====== EXERCISE MATERIALS

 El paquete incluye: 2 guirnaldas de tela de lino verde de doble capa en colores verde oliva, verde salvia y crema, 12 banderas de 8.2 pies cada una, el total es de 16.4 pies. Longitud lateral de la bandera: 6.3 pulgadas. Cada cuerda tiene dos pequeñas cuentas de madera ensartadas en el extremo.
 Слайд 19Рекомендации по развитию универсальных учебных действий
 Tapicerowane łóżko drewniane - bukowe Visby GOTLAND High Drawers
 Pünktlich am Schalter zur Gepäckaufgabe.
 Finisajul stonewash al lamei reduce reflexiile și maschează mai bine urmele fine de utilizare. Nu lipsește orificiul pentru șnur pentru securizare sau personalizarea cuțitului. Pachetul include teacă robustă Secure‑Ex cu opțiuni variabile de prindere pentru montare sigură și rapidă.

============
====== EXERCISE MATERIALS

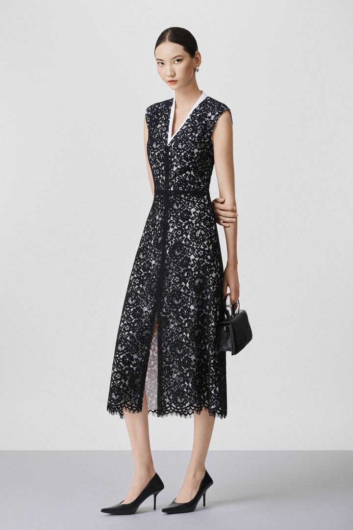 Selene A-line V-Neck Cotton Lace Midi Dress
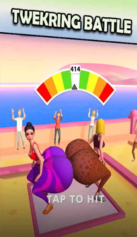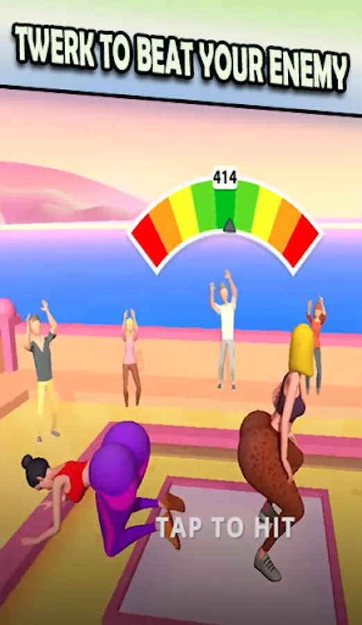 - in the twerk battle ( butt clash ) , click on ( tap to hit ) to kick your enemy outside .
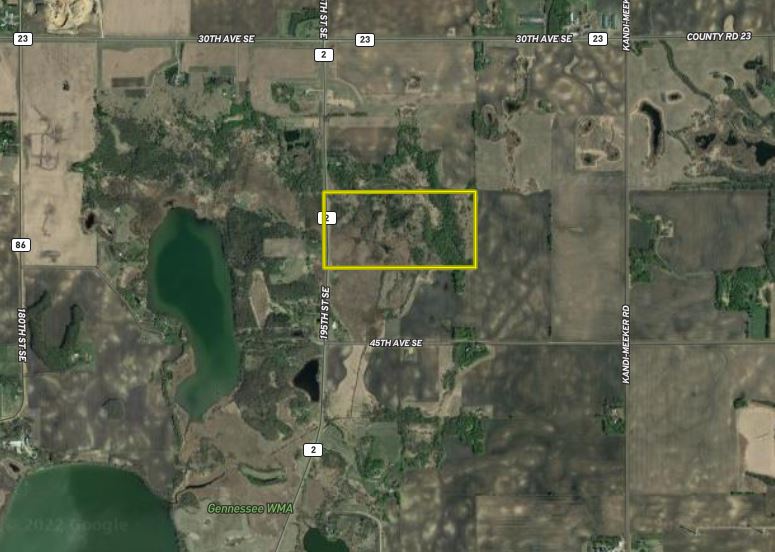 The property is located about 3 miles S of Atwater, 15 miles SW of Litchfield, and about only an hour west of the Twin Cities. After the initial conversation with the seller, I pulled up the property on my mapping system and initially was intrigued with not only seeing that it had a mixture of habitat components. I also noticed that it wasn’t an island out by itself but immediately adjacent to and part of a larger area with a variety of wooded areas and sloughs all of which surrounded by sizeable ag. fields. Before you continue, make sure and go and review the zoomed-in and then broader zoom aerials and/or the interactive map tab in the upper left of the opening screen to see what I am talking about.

============
====== EXERCISE MATERIALS

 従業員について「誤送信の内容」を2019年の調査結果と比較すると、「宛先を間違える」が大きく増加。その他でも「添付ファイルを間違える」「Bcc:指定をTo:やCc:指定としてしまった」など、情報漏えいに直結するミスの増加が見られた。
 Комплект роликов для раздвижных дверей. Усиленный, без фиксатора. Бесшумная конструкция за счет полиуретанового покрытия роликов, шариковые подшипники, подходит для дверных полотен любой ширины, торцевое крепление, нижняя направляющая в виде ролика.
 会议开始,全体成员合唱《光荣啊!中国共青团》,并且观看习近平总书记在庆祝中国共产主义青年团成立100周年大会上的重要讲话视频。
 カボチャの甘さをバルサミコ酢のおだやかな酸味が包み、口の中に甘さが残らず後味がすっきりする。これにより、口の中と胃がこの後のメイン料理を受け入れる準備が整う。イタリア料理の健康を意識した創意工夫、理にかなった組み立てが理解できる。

============

After locating the line holding "従業員について「誤送信の内容" above, output exactly that line and every line after it through the line holding "カボチャの甘さをバルサミコ酢". Include nothing else.

# [ANSWER TO THE EXERCISE]
 従業員について「誤送信の内容」を2019年の調査結果と比較すると、「宛先を間違える」が大きく増加。その他でも「添付ファイルを間違える」「Bcc:指定をTo:やCc:指定としてしまった」など、情報漏えいに直結するミスの増加が見られた。
 Комплект роликов для раздвижных дверей. Усиленный, без фиксатора. Бесшумная конструкция за счет полиуретанового покрытия роликов, шариковые подшипники, подходит для дверных полотен любой ширины, торцевое крепление, нижняя направляющая в виде ролика.
 会议开始,全体成员合唱《光荣啊!中国共青团》,并且观看习近平总书记在庆祝中国共产主义青年团成立100周年大会上的重要讲话视频。
 カボチャの甘さをバルサミコ酢のおだやかな酸味が包み、口の中に甘さが残らず後味がすっきりする。これにより、口の中と胃がこの後のメイン料理を受け入れる準備が整う。イタリア料理の健康を意識した創意工夫、理にかなった組み立てが理解できる。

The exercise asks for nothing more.